* [ACTIVITY]
Output, exactly as written, the lines below starting at the line containing "Rusya'nın askeri üretim" and ending at the line containing "Tangweigou Hot Spring". Drop the pictures and keep both end lines.
*** SUPPLIED INFORMATION ***
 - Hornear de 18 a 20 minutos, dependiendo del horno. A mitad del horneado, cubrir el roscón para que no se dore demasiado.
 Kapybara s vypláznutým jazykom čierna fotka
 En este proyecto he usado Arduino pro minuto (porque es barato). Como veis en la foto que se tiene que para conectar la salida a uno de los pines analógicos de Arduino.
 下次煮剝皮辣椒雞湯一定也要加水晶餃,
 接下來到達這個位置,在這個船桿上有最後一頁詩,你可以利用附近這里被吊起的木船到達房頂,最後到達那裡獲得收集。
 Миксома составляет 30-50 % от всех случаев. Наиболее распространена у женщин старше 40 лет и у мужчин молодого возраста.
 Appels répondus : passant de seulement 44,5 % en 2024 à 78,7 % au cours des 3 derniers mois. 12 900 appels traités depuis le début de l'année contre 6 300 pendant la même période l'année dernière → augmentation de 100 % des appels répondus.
*** End of SUPPLIED INFORMATION ***
*** SUPPLIED INFORMATION ***
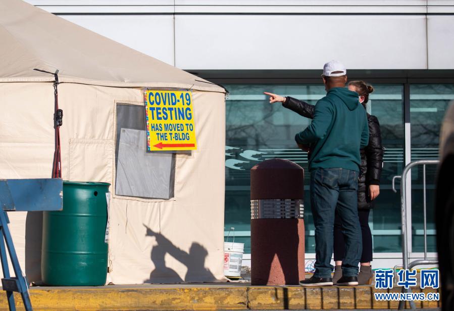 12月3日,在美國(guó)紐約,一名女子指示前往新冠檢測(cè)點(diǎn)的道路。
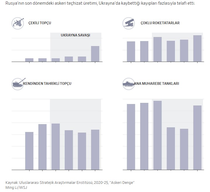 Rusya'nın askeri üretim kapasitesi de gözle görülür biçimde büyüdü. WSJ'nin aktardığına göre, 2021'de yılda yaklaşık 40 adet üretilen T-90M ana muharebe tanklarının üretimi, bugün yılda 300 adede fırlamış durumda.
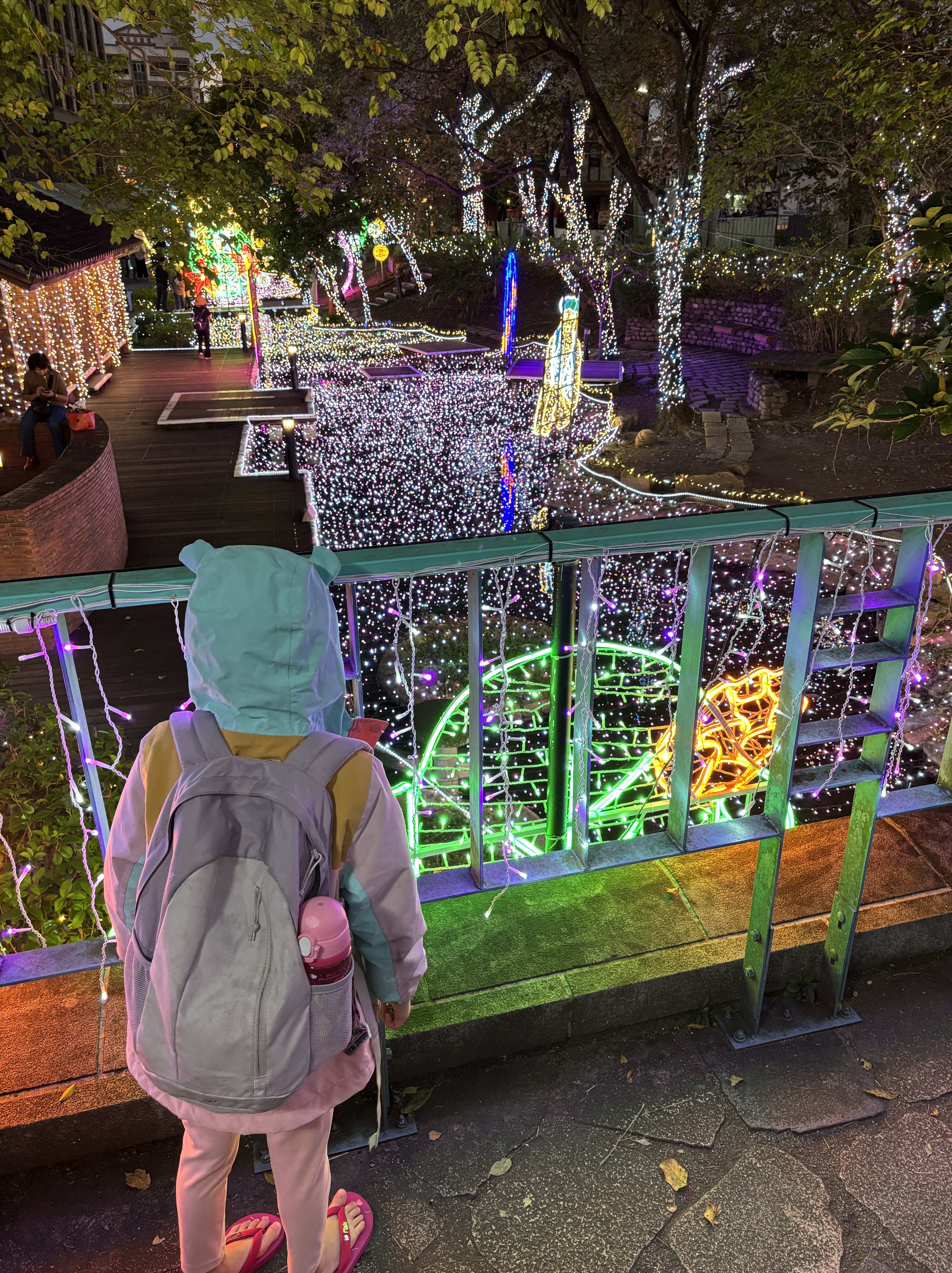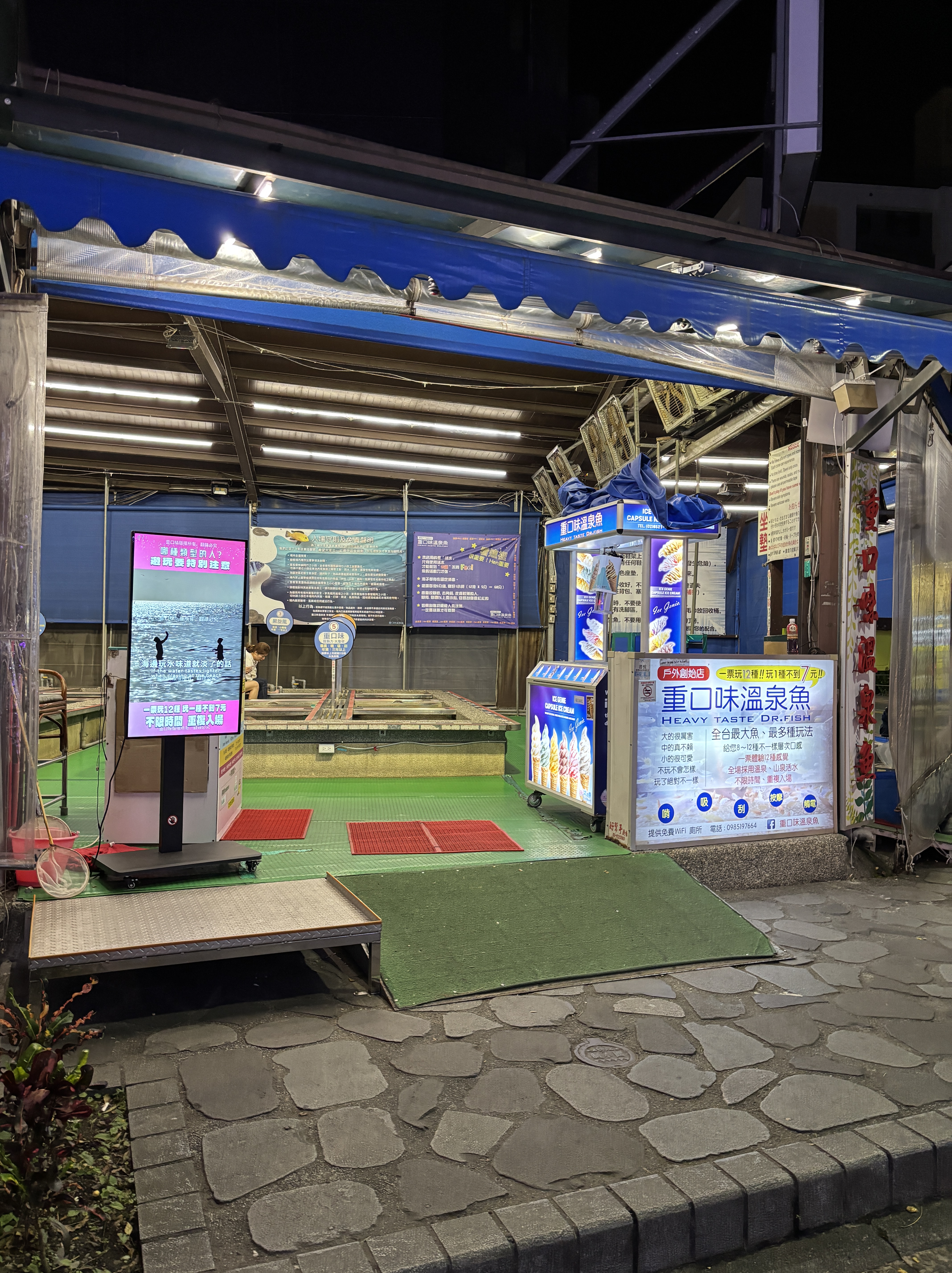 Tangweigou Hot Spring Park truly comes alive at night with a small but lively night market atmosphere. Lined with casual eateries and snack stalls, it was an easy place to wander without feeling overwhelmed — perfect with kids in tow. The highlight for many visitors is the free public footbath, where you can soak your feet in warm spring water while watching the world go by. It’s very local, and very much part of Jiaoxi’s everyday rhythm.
*** End of SUPPLIED INFORMATION ***
* [OUTPUT]
 Rusya'nın askeri üretim kapasitesi de gözle görülür biçimde büyüdü. WSJ'nin aktardığına göre, 2021'de yılda yaklaşık 40 adet üretilen T-90M ana muharebe tanklarının üretimi, bugün yılda 300 adede fırlamış durumda.
 Tangweigou Hot Spring Park truly comes alive at night with a small but lively night market atmosphere. Lined with casual eateries and snack stalls, it was an easy place to wander without feeling overwhelmed — perfect with kids in tow. The highlight for many visitors is the free public footbath, where you can soak your feet in warm spring water while watching the world go by. It’s very local, and very much part of Jiaoxi’s everyday rhythm.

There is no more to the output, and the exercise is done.